Simon Willison calls this the lethal trifecta: an agent that can read private data, take actions (send emails, execute code), and process untrusted content. Any two of those are manageable; all three together and a successful prompt injection becomes a full compromise. Jeeves pointed this out to me itself, unprompted - it ticks all three boxes.

Jeeves discussing the lethal trifecta

We need to be thinking about this seriously as the ecosystem matures. It’s not a solved problem. It may not be solvable in the traditional sense. But awareness matters.

What I’ve Been Watching/Listening To

Articles:

The Final Bottleneck - Armin Ronacher on how AI has shifted the bottleneck from writing code to reviewing it, creating unsustainable backlogs
A Language for Agents - Armin Ronacher on why agent-friendly language design may matter as much as human-friendly design
Pi: The Minimal Agent Within OpenClaw - Armin Ronacher on Pi’s self-extension philosophy
Introducing GPT-5.3-Codex-Spark - Simon Willison on OpenAI’s new fast model from the Cerebras partnership, ~1,000 tokens/second
A Complete Guide to AGENTS.md - progressive disclosure for agent instructions
Skill Test-Driven Development for Claude Code - a TDD skill that enforces one-test-one-implementation vertical slicing
ypi: A Recursive Coding Agent - a recursive agent built on Pi that delegates sub-problems to itself
DeepWiki - conversational AI documentation for GitHub repositories

Podcasts/Videos:

OpenClaw: The Viral AI Agent that Broke the Internet - Peter Steinberger on Lex Fridman Podcast #491, covering OpenClaw’s journey, self-modifying agents, and the agentic future
Be Careful w/ Skills - ThePrimeagen on prompt injection, executable markdown, and why skills are the new attack surface
What Skills Do Developers NEED To Have In An AI Future? - Kent Beck on the skills that matter as AI reshapes development

X/Twitter:

Max Musing - “The vibe coding trap” - the difference between the cost of building software and the cost of owning it
Thorsten Ball - “I am the bottleneck now” - on humans becoming the constraint in agent-assisted development
Matt Pocock on TDD with Claude Code - his new skill that enforces real behaviour-validating tests instead of dozens of implementation-coupled ones
Theo - “The Agentic Code Problem” - the mental overhead of parallel agent workflows across terminals, browsers, and projects - our tools weren’t built for how we work now
Andreas Klinger - “Software Development is f**d” - custom, disposable, one-shot software as the norm, why GitHub may be obsolete, and why prompt injection could be bigger than SQL injection

A recurring thread this week across everything I read, watched, and built: where does the human sit in this loop?

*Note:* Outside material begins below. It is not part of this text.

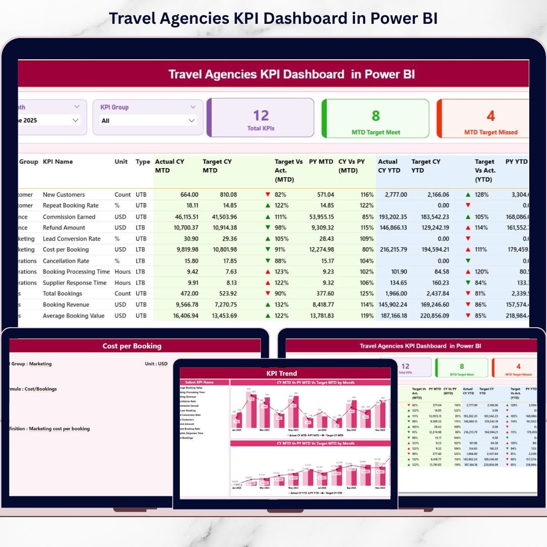 Travel Agencies KPI Dashboard in Power BI This ready-to-use Power BI dashboard is designed specifically for travel agencies that want real-time visibility, clear KPI tracking, and data-driven decision-making. Instead of reviewing multiple reports, managers get one centralized dashboard that displays MTD (Month-to-Date) and YTD (Year-to-Date) performance, target achievement, and year-over-year comparisons with clear visual indicators. As a result, leadership teams gain clarity, speed, and confidence in managing business performance.

Armin Ronacher argues the bottleneck has shifted from writing code to reviewing it. Thorsten Ball says he’s the bottleneck now. ThePrimeagen points out that the security model assumes a human in the loop - but we keep removing the human to get the speed.

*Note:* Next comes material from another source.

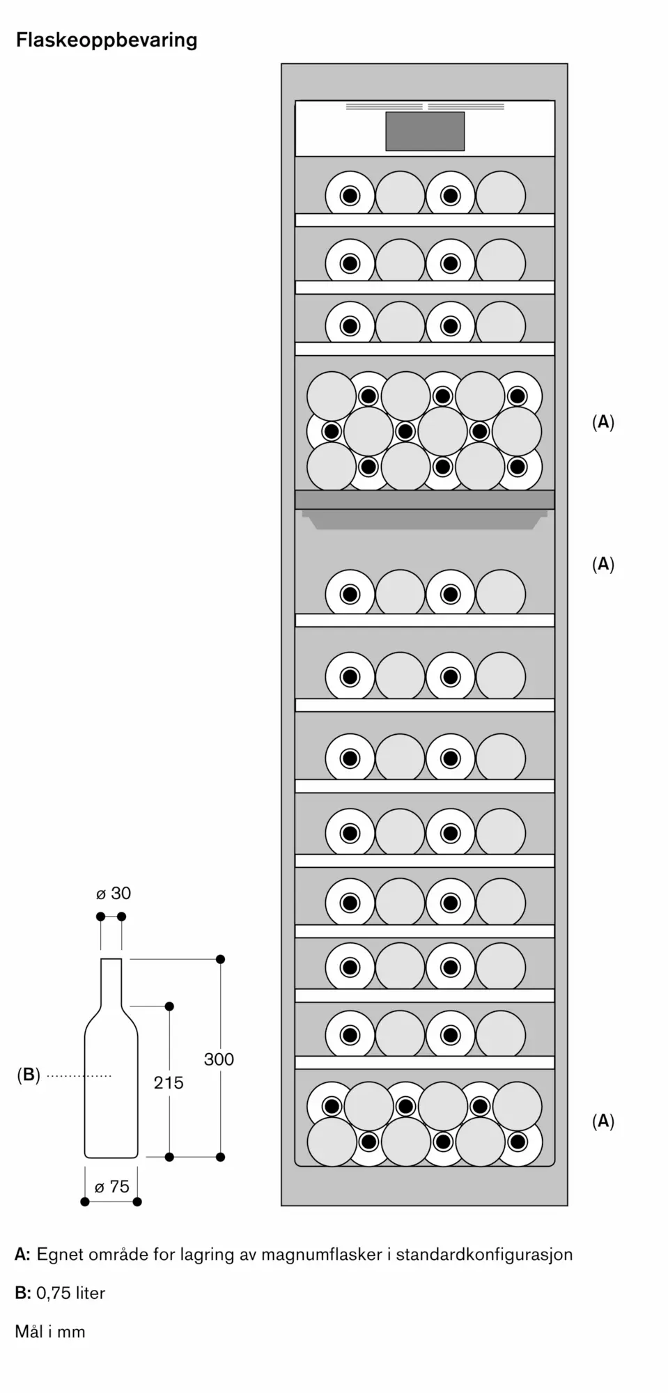 Lagring av opp til 6 Magnum-flaskor med standard hyllekonfigurasjon (12 flaskehyller)

I feel this tension every day. The productivity gains from letting agents run autonomously are real - PWAKit, the test refactoring, the Jeeves memory system, all of it moves faster when I step back and let the model work. But stepping back means trusting. And trust in a world of executable markdown and prompt injection requires a kind of vigilance that’s new to our discipline.

We haven’t figured this out yet. But at least we’re talking about it.